(Task brief)
Below are the records; retype them exactly and omit each picture.

(Data records)

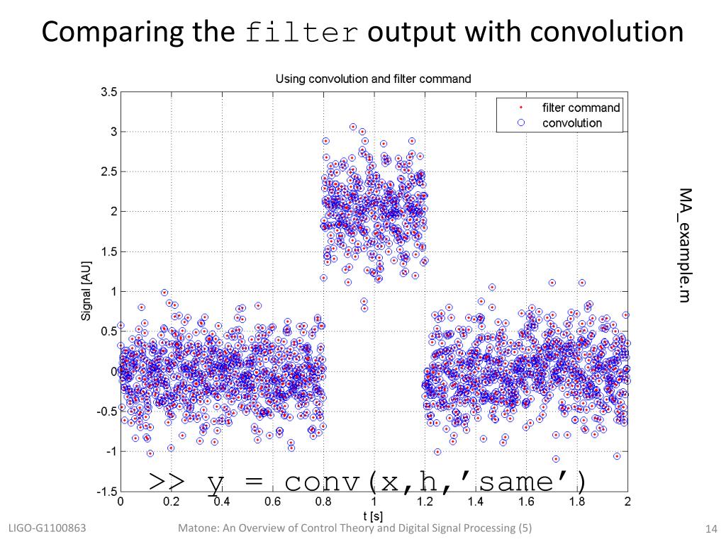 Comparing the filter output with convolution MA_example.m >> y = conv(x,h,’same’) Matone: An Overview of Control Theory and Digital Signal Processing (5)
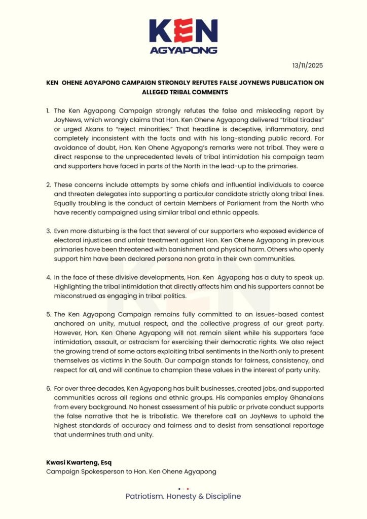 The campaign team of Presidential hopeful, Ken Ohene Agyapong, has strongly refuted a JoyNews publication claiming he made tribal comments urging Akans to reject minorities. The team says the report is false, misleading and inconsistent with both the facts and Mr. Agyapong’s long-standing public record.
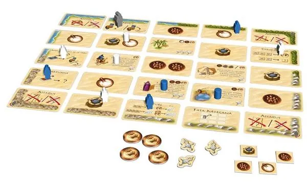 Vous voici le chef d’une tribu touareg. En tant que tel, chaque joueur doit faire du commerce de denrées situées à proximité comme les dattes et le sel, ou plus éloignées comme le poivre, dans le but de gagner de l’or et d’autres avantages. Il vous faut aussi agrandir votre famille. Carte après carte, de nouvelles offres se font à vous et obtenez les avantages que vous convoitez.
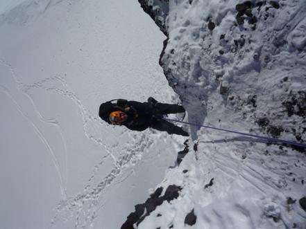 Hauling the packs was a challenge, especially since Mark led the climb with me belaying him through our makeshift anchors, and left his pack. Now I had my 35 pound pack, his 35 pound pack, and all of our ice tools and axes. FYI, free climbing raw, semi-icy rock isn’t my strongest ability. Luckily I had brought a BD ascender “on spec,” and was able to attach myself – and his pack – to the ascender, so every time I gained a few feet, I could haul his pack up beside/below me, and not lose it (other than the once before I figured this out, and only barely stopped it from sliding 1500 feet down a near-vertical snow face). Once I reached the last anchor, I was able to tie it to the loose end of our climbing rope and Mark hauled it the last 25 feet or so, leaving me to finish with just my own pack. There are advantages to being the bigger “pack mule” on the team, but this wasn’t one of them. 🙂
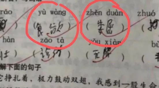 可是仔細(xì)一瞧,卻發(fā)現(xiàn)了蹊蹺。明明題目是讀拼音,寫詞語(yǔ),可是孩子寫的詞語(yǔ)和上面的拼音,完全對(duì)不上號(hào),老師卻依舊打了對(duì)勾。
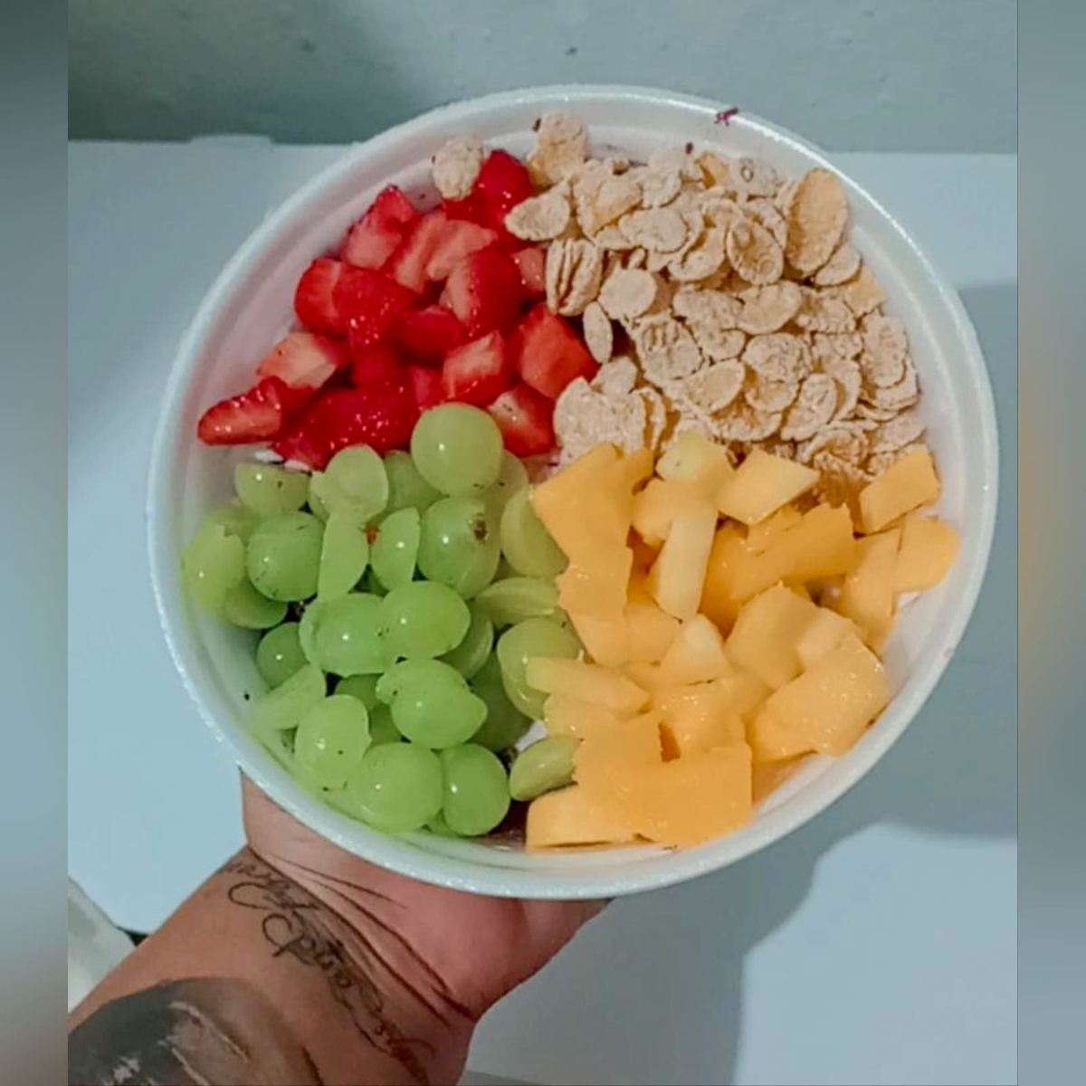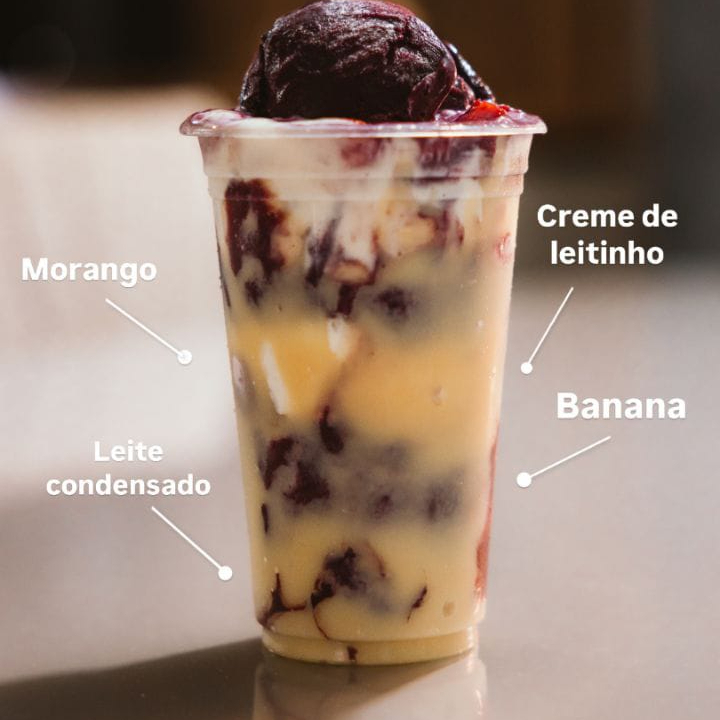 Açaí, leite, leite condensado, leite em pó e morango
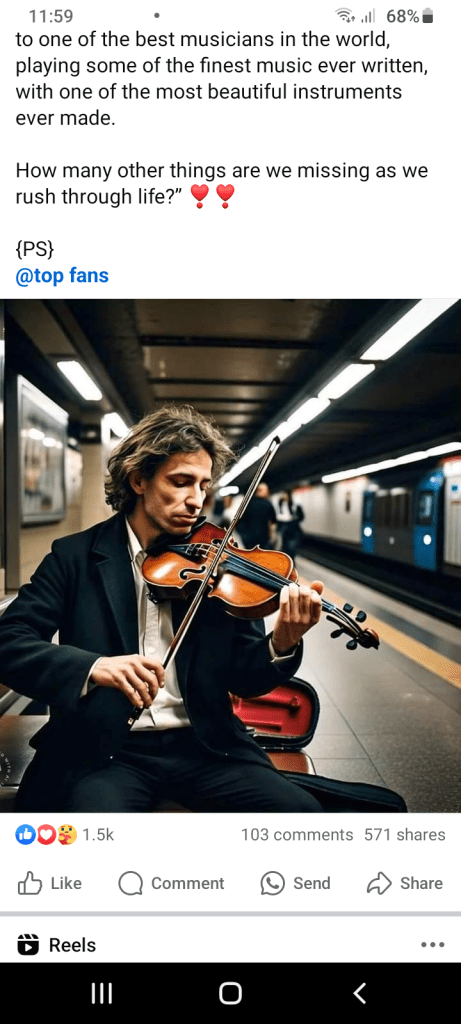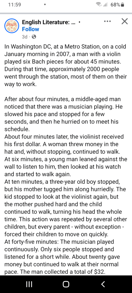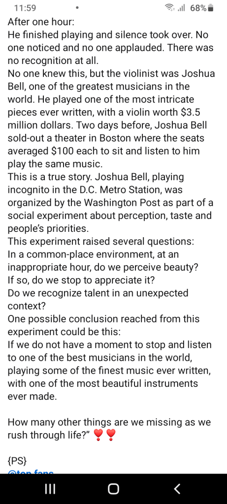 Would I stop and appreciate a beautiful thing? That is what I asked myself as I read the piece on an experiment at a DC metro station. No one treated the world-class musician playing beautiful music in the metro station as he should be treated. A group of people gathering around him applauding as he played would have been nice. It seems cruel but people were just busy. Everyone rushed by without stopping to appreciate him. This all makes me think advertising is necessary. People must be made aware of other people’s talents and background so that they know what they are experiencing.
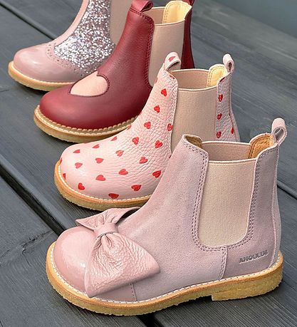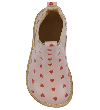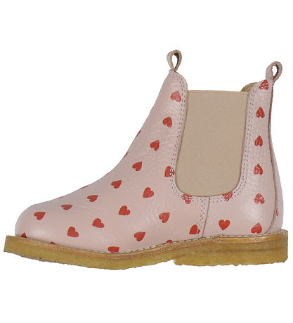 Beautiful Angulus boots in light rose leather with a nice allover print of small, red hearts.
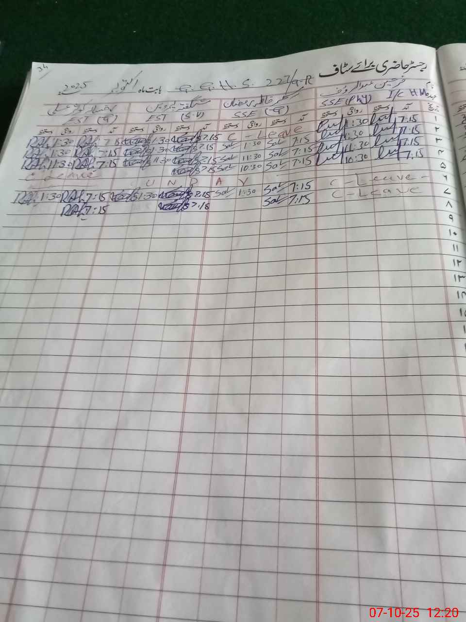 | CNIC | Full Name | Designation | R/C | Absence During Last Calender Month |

(Solution)
 Comparing the filter output with convolution MA_example.m >> y = conv(x,h,’same’) Matone: An Overview of Control Theory and Digital Signal Processing (5)
 The campaign team of Presidential hopeful, Ken Ohene Agyapong, has strongly refuted a JoyNews publication claiming he made tribal comments urging Akans to reject minorities. The team says the report is false, misleading and inconsistent with both the facts and Mr. Agyapong’s long-standing public record.
 Vous voici le chef d’une tribu touareg. En tant que tel, chaque joueur doit faire du commerce de denrées situées à proximité comme les dattes et le sel, ou plus éloignées comme le poivre, dans le but de gagner de l’or et d’autres avantages. Il vous faut aussi agrandir votre famille. Carte après carte, de nouvelles offres se font à vous et obtenez les avantages que vous convoitez.
 Hauling the packs was a challenge, especially since Mark led the climb with me belaying him through our makeshift anchors, and left his pack. Now I had my 35 pound pack, his 35 pound pack, and all of our ice tools and axes. FYI, free climbing raw, semi-icy rock isn’t my strongest ability. Luckily I had brought a BD ascender “on spec,” and was able to attach myself – and his pack – to the ascender, so every time I gained a few feet, I could haul his pack up beside/below me, and not lose it (other than the once before I figured this out, and only barely stopped it from sliding 1500 feet down a near-vertical snow face). Once I reached the last anchor, I was able to tie it to the loose end of our climbing rope and Mark hauled it the last 25 feet or so, leaving me to finish with just my own pack. There are advantages to being the bigger “pack mule” on the team, but this wasn’t one of them. 🙂
 可是仔細(xì)一瞧,卻發(fā)現(xiàn)了蹊蹺。明明題目是讀拼音,寫詞語(yǔ),可是孩子寫的詞語(yǔ)和上面的拼音,完全對(duì)不上號(hào),老師卻依舊打了對(duì)勾。
 Açaí, leite, leite condensado, leite em pó e morango
 Would I stop and appreciate a beautiful thing? That is what I asked myself as I read the piece on an experiment at a DC metro station. No one treated the world-class musician playing beautiful music in the metro station as he should be treated. A group of people gathering around him applauding as he played would have been nice. It seems cruel but people were just busy. Everyone rushed by without stopping to appreciate him. This all makes me think advertising is necessary. People must be made aware of other people’s talents and background so that they know what they are experiencing.
 Beautiful Angulus boots in light rose leather with a nice allover print of small, red hearts.
 | CNIC | Full Name | Designation | R/C | Absence During Last Calender Month |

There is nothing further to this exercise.